Anyhow I'll review your code and incorporate things if there is anything that you didn't already wrote in your first comment.

First comment was about JoinMarket, my script tries to catch all coinjoins, not only JM. It's not directly related to this issue. :)

Without -txindex?

I don't know if it's needed. It's getblock with verbosity 3.

Btw, I just found this thing: https://content.sciendo.com/view/journals/popets/2018/4/article-p179.xml

It describes an algo for identifying JM txs in the appendix. I hope I find something interesting.

Now I'm even doing subsetsum, but there are a bunch of txs those you cannot even tell with your own eyes if they're JM txs or not, like this: https://www.smartbit.com.au/tx/5282615a41ef480f87f04c2558c70f451b4675f75c482c45dc7efbc82d4a626b

(This obviously isn't as it happened in 2011.)

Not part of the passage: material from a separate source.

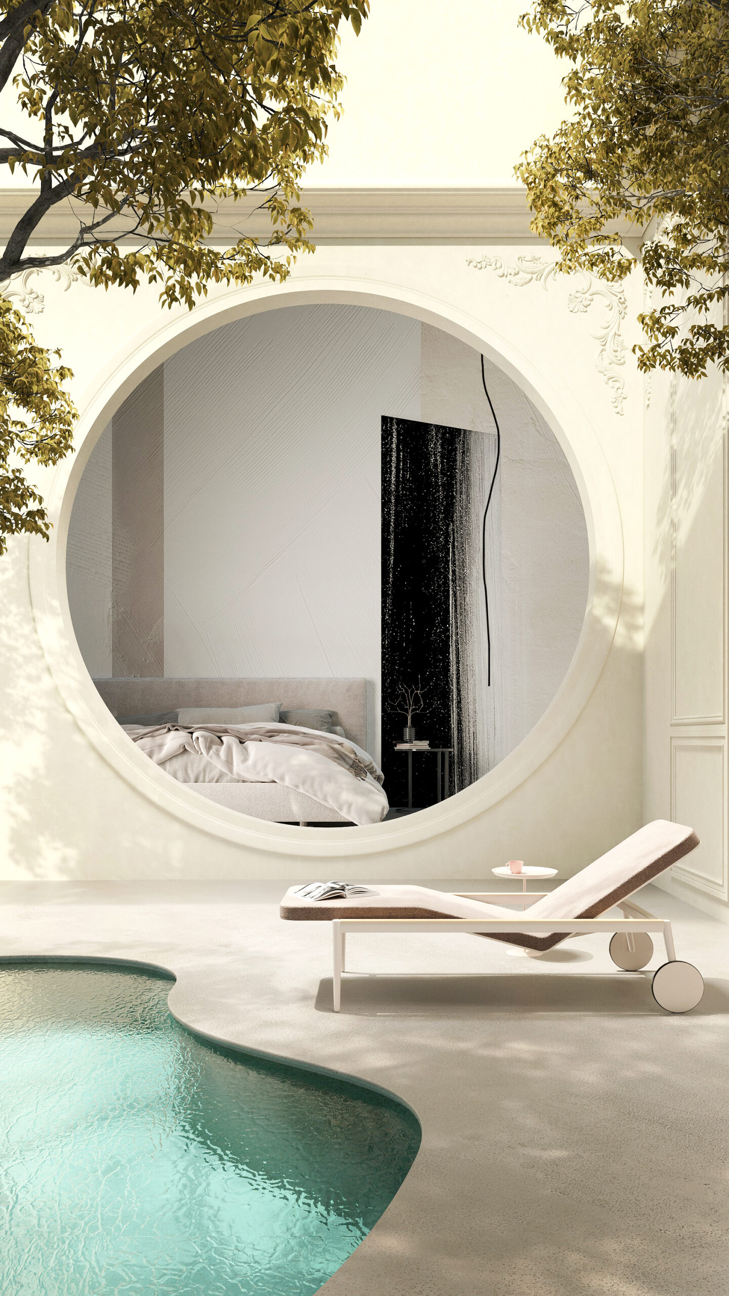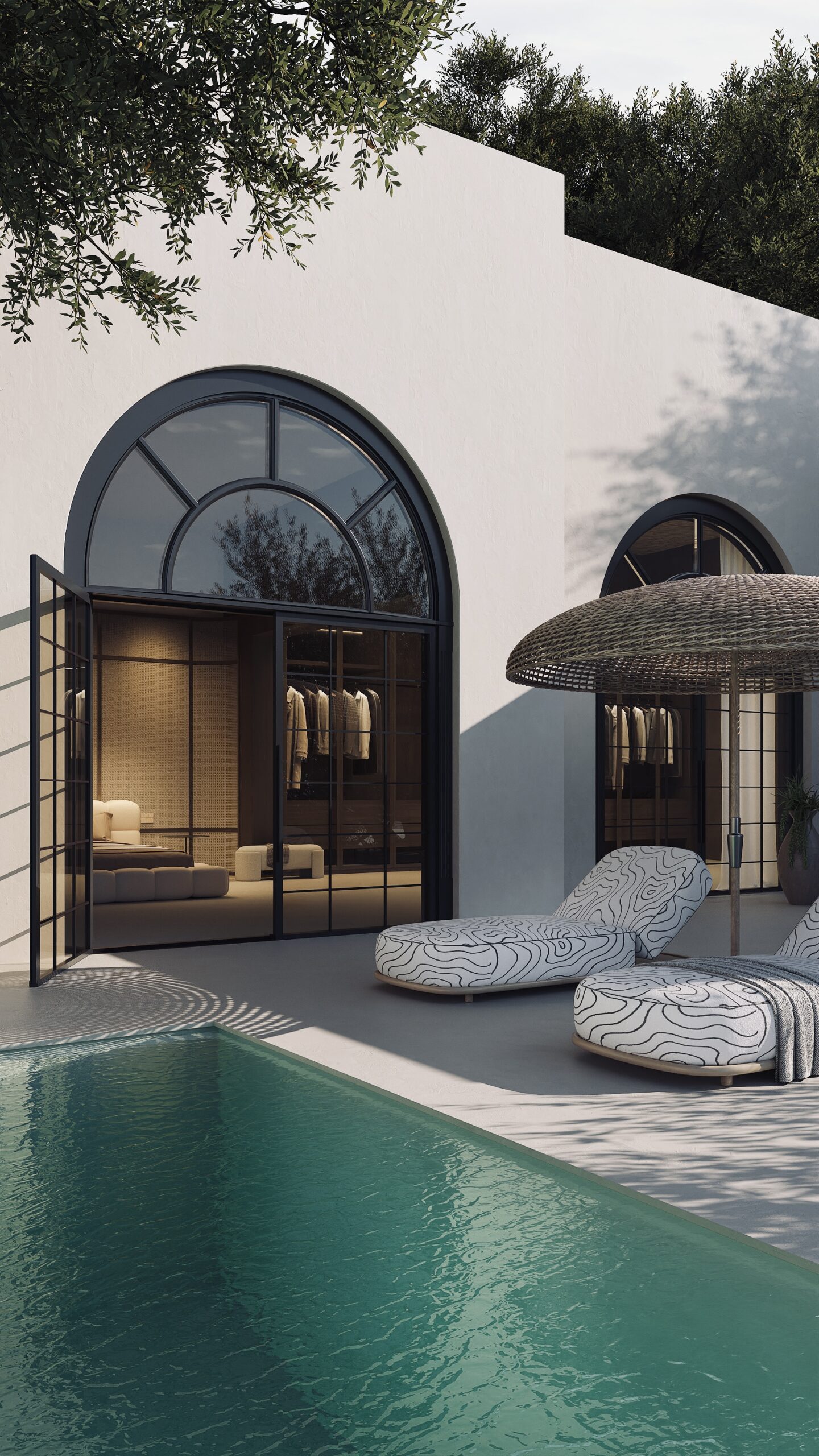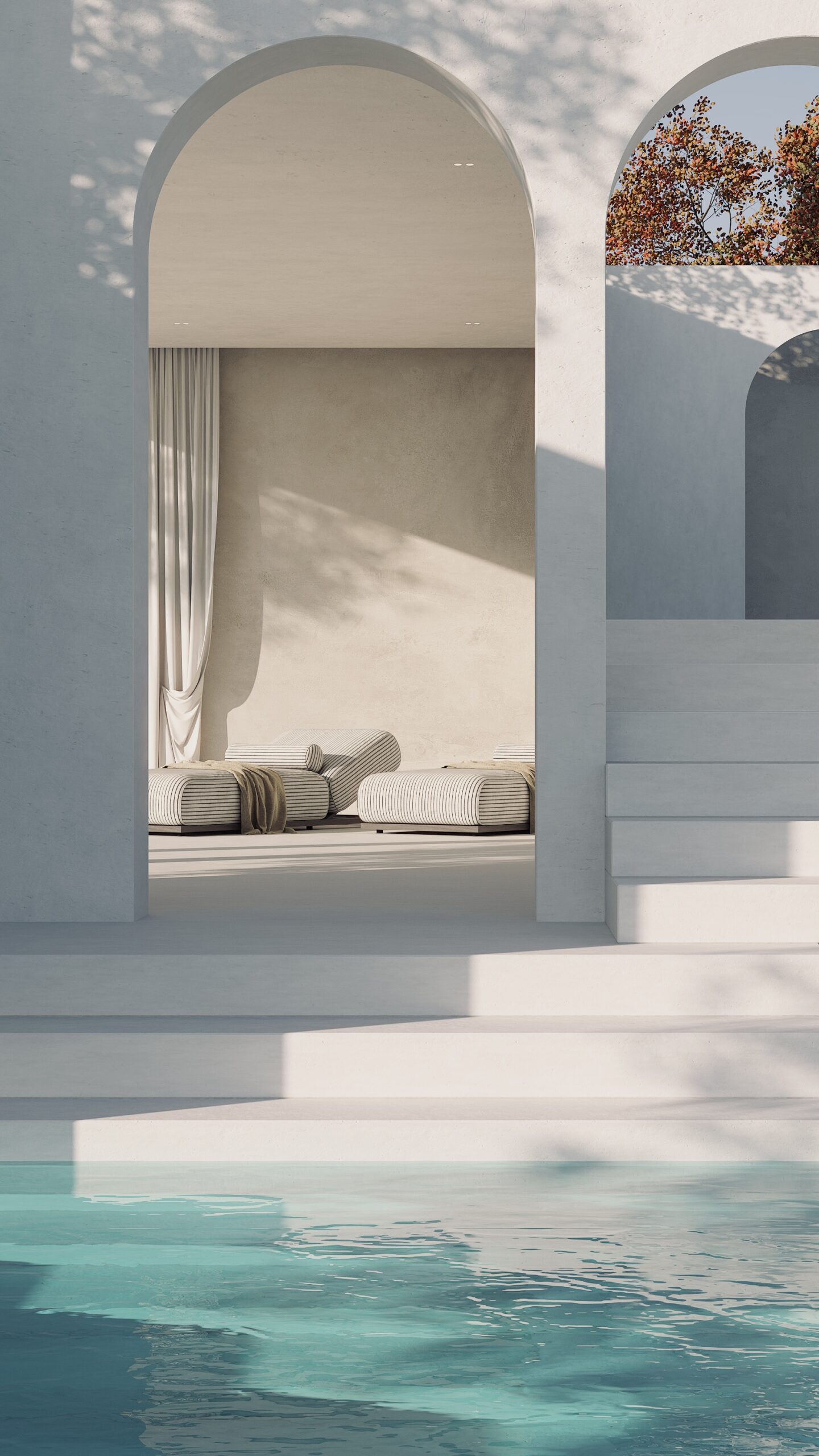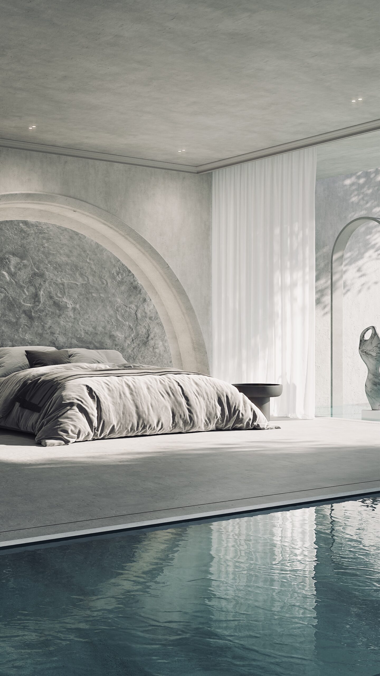 A MINIMALIST VILLA IN MYKONOS UNFOLDS IN PURE WHITE CONCRETE FINISHES, REFLECTING THE ISLAND’S ICONIC ARCHITECTURAL LANGUAGE WHILE MAINTAINING A CONTEMPORARY, SCULPTURAL IDENTITY. AT ITS HEART, AN INDOOR–OUTDOOR POOL BLURS THE BOUNDARIES BETWEEN INTERIOR AND EXTERIOR, ITS CALM SURFACE EXTENDING TOWARD THE HORIZON. IN THE BEDROOM, OVERSIZED STEPS DESCEND DIRECTLY INTO THE POOL, CONTINUING OUTDOORS TO CREATE A SEAMLESS FLOW AND A SENSE OF IMMERSIVE RELAXATION.

I'm afraid one would need to spend weeks to make sure to catch all the JM transactions (without monitoring the orderbook of course.)

A good way to detect JoinMarket coinjoins is to check that they are directly connected to other JoinMarket coinjoins. This is the method used in the 2016 paper "Join Me on a Market for Anonymity by Malte Möser and Rainer Böhme."

This works because you'll only very very rarely see a JoinMarket coinjoin on its own not connected to any other coinjoin. The software creates coinjoins sequentially, and makers are generally incentivized to keep their bots running and repeatedly take part in many coinjoins.